The job of chief executive officer pays well — and even better when an incumbent CEO is working with a newly hired CFO.
Researchers at Duke University’s Fuqua School of Business studied more than 23 years of data from S&P 1500 firms. They found that CEOs took home an average of 10% more compensation when working with a finance chief who was hired after them (known as a “co-opted” CFO).
The study, “CFO Co-option and CEO Compensation” (forthcoming in the INFORMS journal Management Science), offers quantifiable insights into a phenomenon that is difficult to document: the influence CEOs have on colleagues who could potentially increase their pay.
Previous research has shown that CEOs may exert influence up the chain of command on a co-opted board. Specifically, when newly appointed board members work with an incumbent CEO, the board’s oversight is also weaker and CEO compensation is as much as 20% higher, the school notes.
The Fuqua study looks at what happens working in the opposite direction, down the chain of command, when CEOs lean on their CFOs.
“CEOs ultimately have power over CFOs, arguably more so when the CEO played a role in hiring the CFO,” said study co-author Bill Mayew, a Fuqua accounting professor. “They may pressure CFOs to manage earnings to help the firm meet, or just barely beat, earnings targets from financial analysts. Those reported earnings and the response in stock prices can then drive up a portion of the CEO’s compensation.”

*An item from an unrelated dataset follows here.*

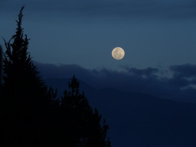 Keywords: moon nature landscape sunset mountains blue outdoors trees night

With CEOs in the study earning a median pay package of $3.19 million a year, a 10% premium for incumbents was more than $300,000, compared to those working with finance chiefs hired by their predecessors.

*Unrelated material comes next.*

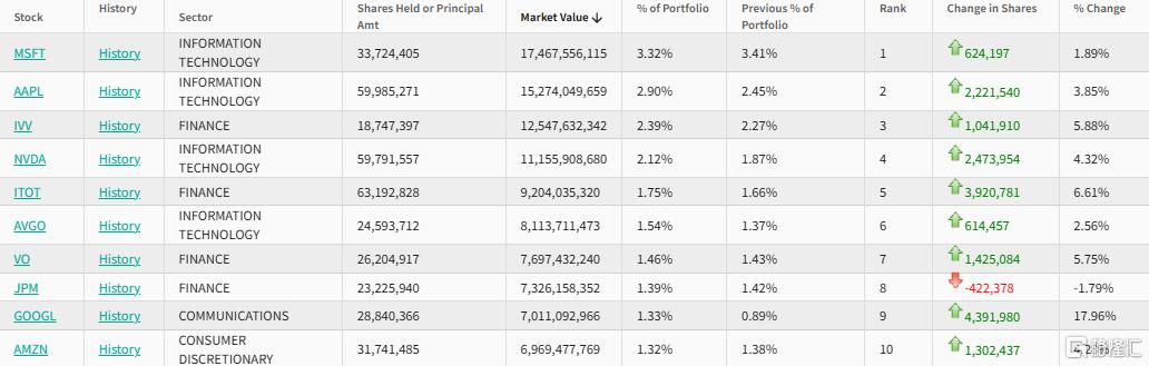 苹果排名第三,持仓2.37亿股,持仓市值602.6亿美元,占投资组合比例为3.61%。
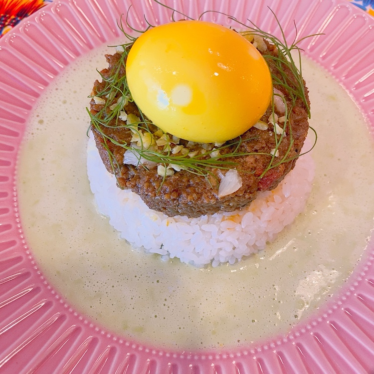 ドライカレーは3度美味しい! まずはてっぺんのドライカレーだけ食べる!その次にポタージュと食べる!そして半熟卵を崩して食べるのです。

Chief executives were most likely to see the higher pay during the first three years of the co-opted CFO’s tenure, when the finance leader may have been most amenable to the boss’s influence, Mayew said.
“If you’re a brand new CFO, you don’t want to displease your boss and risk getting fired,” Mayew said. “Over time, a CFO builds up allies in the firm, which might give them more power to voice their opinion and apply accounting rules neutrally rather than pushing the boundary.”

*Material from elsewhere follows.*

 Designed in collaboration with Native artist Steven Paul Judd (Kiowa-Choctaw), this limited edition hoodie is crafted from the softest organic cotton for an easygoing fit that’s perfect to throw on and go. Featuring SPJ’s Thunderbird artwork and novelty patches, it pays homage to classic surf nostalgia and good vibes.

The researchers used nearly 18,000 data points from 1993 to 2015 to illustrate an association between co-opted CFOs and CEO compensation. The data indicated that such finance chiefs helped companies achieve analyst-based earnings targets through earnings management.
Patterns in the data before and after the passage of the Sarbanes-Oxley Act (SOX) in 2002 showed that CFOs “predictably shifted how they delivered benchmark-beating earnings,” said co-author John Heater, a Fuqua assistant professor of accounting.
Prior to the tighter regulations and scrutiny of SOX, finance chiefs had more discretion when reporting earnings, such as adjusting estimates or reported accruals to meet earnings targets.
When SOX increased regulatory pressure on CFOs, accounting practices again shifted, from adjusting estimates on paper to actually making different business decisions to move numbers (known as “real” earnings management), Heater said.
“Managers can decide to run their operations differently, and in a way that promotes short-term earnings, such as cutting spending on research and development, or via overproduction or other methods that boost profits today but can hurt the firm tomorrow,” Heater said.
He added, “This may not be an immediate concern to corporate executives who, based on their average tenure, may not be around in the long run to face the negative implications of their decisions. This is why it’s so important that boards and their hiring committees be cognizant that this power dynamic between the CEO and CFO exists, and to consider that when hiring and overseeing these roles.”
For CFOs who find themselves subject to undue pressure from a CEO, Mayew encourages them to establish support within the company.
“Get connected, make friends, and ask questions in a way that puts your voice out there more broadly within the firm,” he said. “Responses from colleagues can help calibrate who’s willing to listen and who’s willing to stand up against undue pressure in the organization.”
In addition to Mayew and Heater, co-authors of the paper included Shane Dikolli of the University of Virginia and Mani Sethuraman of Cornell University.